I was entranced by this book at the start. Its paratactic style—a kind of lyrical breathlessness—is jarring at first, but is ultimately evocative and poetic once you are absorbed in its rhythms. The style accurately reflects the frenzy of grief (David Constantine is also a poet, FYI). The continuous stream of consciousness and intense feeling submerged me into the mind—and also the grief—of Katrin (She is drowning and you feel like you are too and every period at the end of a sentence is like a moment when you finally came up for some air).
The bouts of anxiety, of helplessness, of sadness that terrorize Katrin are familiar—anyone who has mourned anything would be able to relate to the torrents of all-consuming emotion that can paralyze a person completely. I will admit, however, that sometimes reading the book felt like I was cutting myself—a form of catharsis predicated on the infliction of harm and injury upon oneself. And I suppose that accurately describes Katrin too: addicted at once to the pain and catharsis of immersing herself in her deceased husband's love affairs.

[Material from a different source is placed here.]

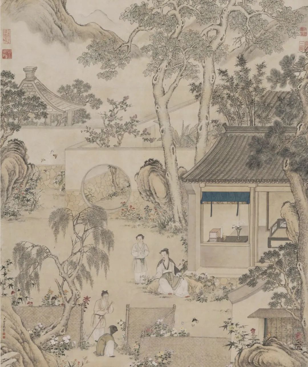 清代 唐岱、丁观鹏等合绘《十二月月令图轴》(局部)

In the wake of any kind of separation between loved ones, whether by death or by other circumstances, there can emerge a desperation—one that is visceral and extreme—that spurs a person to find intimacy and closeness in any form, no matter how small a thing. Whether an object as a remembrance or the compulsive reading of messages and letters (or these days, stalking social media accounts), a person finds any way she can to bridge the gap. Anything will do. It is the only way to quell a lingering desire. But not only that—it inflames the desire, keeps it alive. Katrin realizes this as she decides to write about Eric's past: "She did not want to live a life without desire."

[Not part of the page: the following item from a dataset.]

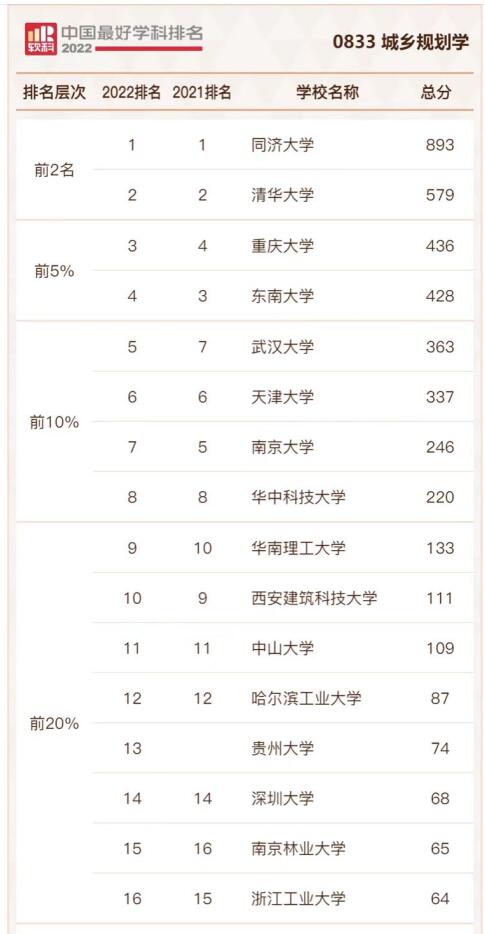 2022年9月21日,高等教育评价专业机构软科正式发布了“2022软科中国最好学科排名”,我院“风景园林学”“城乡规划学”再次上榜 “2022软科中国最好学科”。

Emotional melodrama—whether depicted onscreen or in literature—often frightens me. Perhaps it is too earnest, discomfiting. Sometimes it feels manipulative, as if it is feeding off of my need to feel something, anything, as a distraction from (or transference-channel for) all that I do not want to feel. Yet this book felt so precise and specific in its depiction of Katrin's emotional turmoil and the contours of her grief that it felt more like an honest confrontation than escape. I could absorb and justify Katrin's loneliness and sorrow; I could sense those things in myself, and viewing those things through someone else's life was comforting (being able to articulate a feeling makes the feeling far less daunting and powerful). There is something calming about watching someone go through emotions you do not let yourself experience in their fullest expression; it gives you some distance from your own and makes you feel a little less insane because of it. Most of all I could identify with Katrin's need to find a story: any story, even a painful one, would be better than darkness, emptiness, uncertainty.
I think I read this book at the right time. Sometimes books feel like that—a gift (I don't even know how I first heard of this book!). The best ones make you feel a little less lonely. This one certainly did for me.